Accuracy: 0.96 (+/- 0.02) [XGBBoosting]
Accuracy: 0.33 (+/- 0.00) [Random Forest]
Accuracy: 0.95 (+/- 0.03) [SVM]
Accuracy: 0.96 (+/- 0.02) [Ensemble]

4.3 Stacking

# 5-Fold Stacking
from sklearn.ensemble import RandomForestClassifier
from sklearn.ensemble import ExtraTreesClassifier,GradientBoostingClassifier
import pandas as pd

#创建训练的数据集
data_0 = iris.data
data = data_0[:100,:]

target_0 = iris.target
target = target_0[:100]

# 模型融合中使用到的各个单模型
clfs = [LogisticRegression(solver = 'lbfgs'),
        RandomForestClassifier(n_estimators = 5, n_jobs = -1, criterion = 'gini'),
        ExtraTreesClassifier(n_estimators = 5, n_jobs = -1, criterion = 'gini'),
        ExtraTreesClassifier(n_estimators = 5, n_jobs = -1, criterion = 'entropy'),
        GradientBoostingClassifier(learning_rate = 0.05, subsample = 0.5, \
                                   max_depth = 6, n_estimators = 5)]
 
# 切分一部分数据作为测试集
X, X_predict, y, y_predict = train_test_split(data, target, test_size = 0.3, \
                                              random_state = 2020)

dataset_blend_train = np.zeros((X.shape[0], len(clfs)))
dataset_blend_test = np.zeros((X_predict.shape[0], len(clfs)))

# 5折stacking
n_splits = 5
skf = StratifiedKFold(n_splits)
skf = skf.split(X, y)

for j, clf in enumerate(clfs):
    # 依次训练各个单模型
    dataset_blend_test_j = np.zeros((X_predict.shape[0], 5))
    for i, (train, test) in enumerate(skf):
        # 5-Fold交叉训练，使用第i个部分作为预测，
        # 剩余的部分来训练模型，获得其预测的输出作为第i部分的新特征。
        X_train, y_train, X_test, y_test = X[train], y[train], X[test], y[test]
        clf.fit(X_train, y_train)
        y_submission = clf.predict_proba(X_test)[:, 1]
        dataset_blend_train[test, j] = y_submission
        dataset_blend_test_j[:, i] = clf.predict_proba(X_predict)[:, 1]
    # 对于测试集，直接用这k个模型的预测值均值作为新的特征。
    dataset_blend_test[:, j] = dataset_blend_test_j.mean(1)
    print("val auc Score: %f" % roc_auc_score(y_predict, dataset_blend_test[:, j]))
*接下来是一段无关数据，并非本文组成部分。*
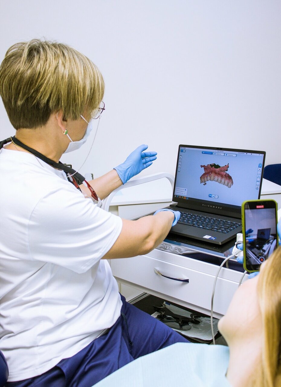 - Восстановление зубного ряда условно-съемным протезом с опорой на 4, 5, 6 имплантах с использованием ортопедического шаблона, постоянный 62000₽

clf = LogisticRegression(solver = 'lbfgs')
clf.fit(dataset_blend_train, y)
y_submission = clf.predict_proba(dataset_blend_test)[:, 1]

print("Val auc Score of Stacking: %f" % (roc_auc_score(y_predict, y_submission)))

val auc Score: 1.000000
val auc Score: 0.500000
val auc Score: 0.500000
val auc Score: 0.500000
val auc Score: 0.500000
Val auc Score of Stacking: 1.000000

这次之所以写得如此简略是因为源代码有很多东西交代不清，导致很多地方我根本没有理解。